LivingWorld constructs a globally consistent motion field during scene expansion. Starting from a single image, we progressively expand the scene and estimate motion from user interactions. To ensure consistency across views, we introduce a geometry-aware alignment module that resolves directional and scale ambiguities. We further represent motion using a compact hash-based field, enabling efficient and stable propagation of dynamics. This allows temporally coherent and view-consistent 4D world generation.

Geometry-Aware Alignment

Our alignment module resolves directional and scale ambiguities across views. By matching overlapping regions between newly expanded and existing scenes, we enforce globally consistent motion during scene growth. This enables stable integration of motion across the entire scene.

Hash-based Motion Field

We represent motion as a continuous hash-based field, enabling efficient querying and stable propagation of dynamics. The field supports bidirectional motion integration, producing long and temporally coherent 4D sequences during rendering.

Results

WonderPlay generates dynamic 3D scenes from a single image and input actions. It predicts the physical consequences of the input actions. Here, we present video results rendered with a moving camera, overlaid with action visualizations.

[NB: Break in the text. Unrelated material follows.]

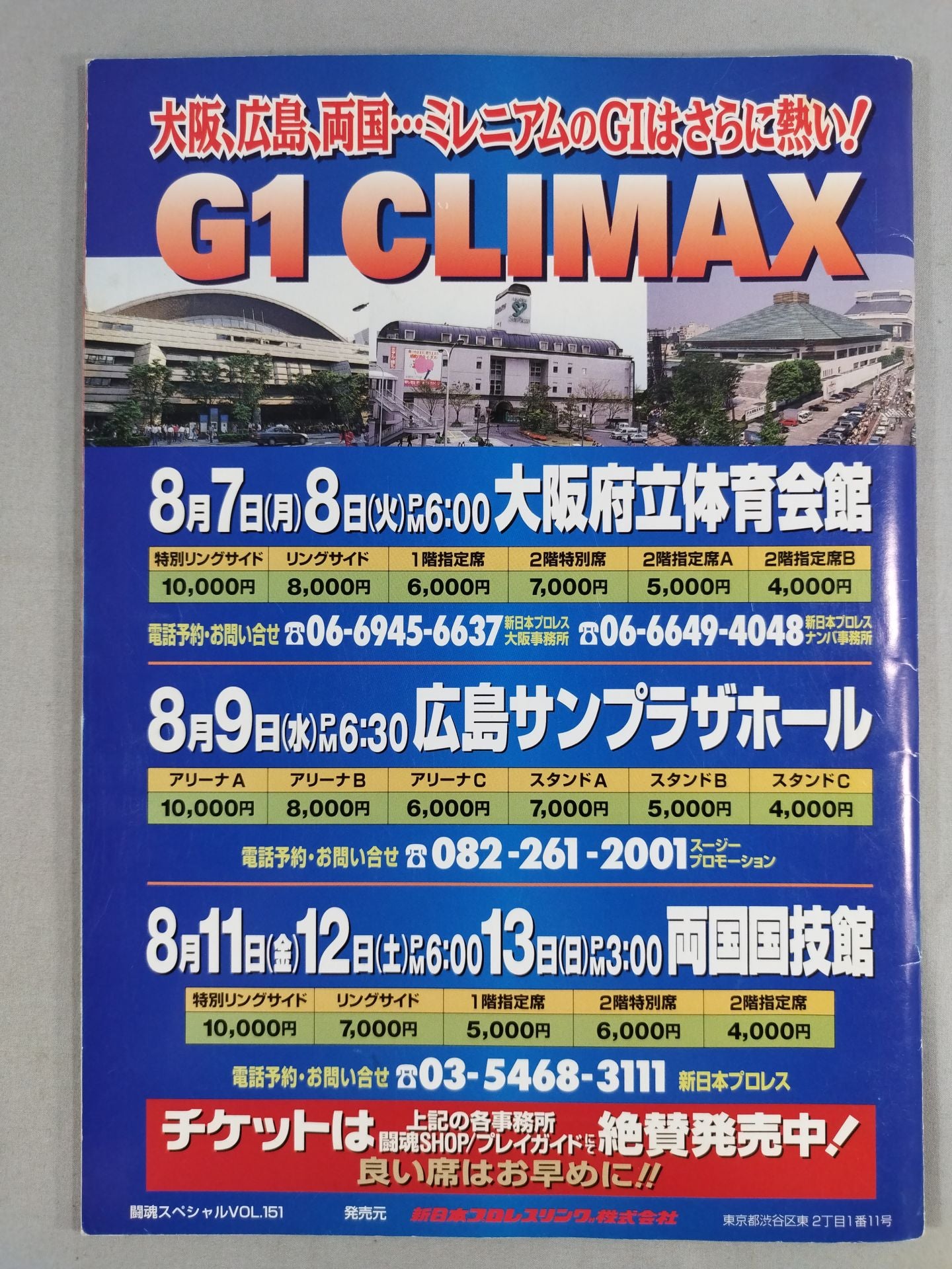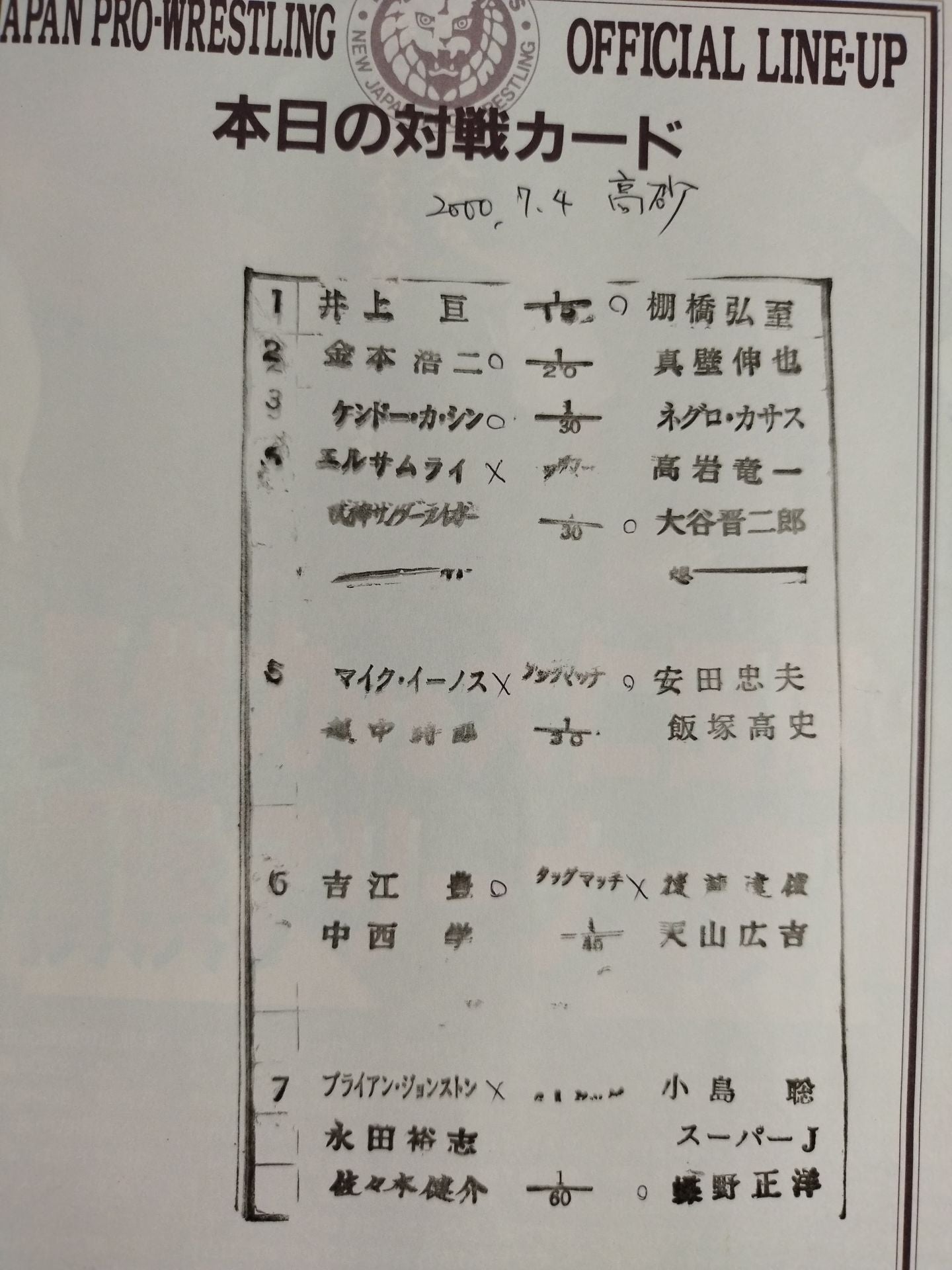 2000 Venue: Takasago City General Gymnasium, Hyogo / stamped with list of matches : Kensuke Sasaki & Yuji Nagata vs Brian Johnston vsMasahiro Chono & Satoshi Kojima & Super J Summer Slaguru 2000

Integration with Object-Centric Motion

While LivingWorld primarily models scene-scale environmental dynamics such as water, clouds, and smoke, it can also incorporate object-centric motion. Rather than representing all motion within a single field, we align object and environmental motions in world coordinates by enforcing consistent scale and spatial alignment. This allows independently modeled motions to be coherently integrated within the same scene, maintaining consistency across viewpoints and scene expansion.

Comparisons with Video Generation Models

We compare our method with video generation models under identical camera motion prompts. While these models often suffer from inconsistent 3D geometry, unnatural motion dynamics, and limited camera controllability, our method maintains a coherent 3D representation with physically consistent dynamics and precise control over camera motion.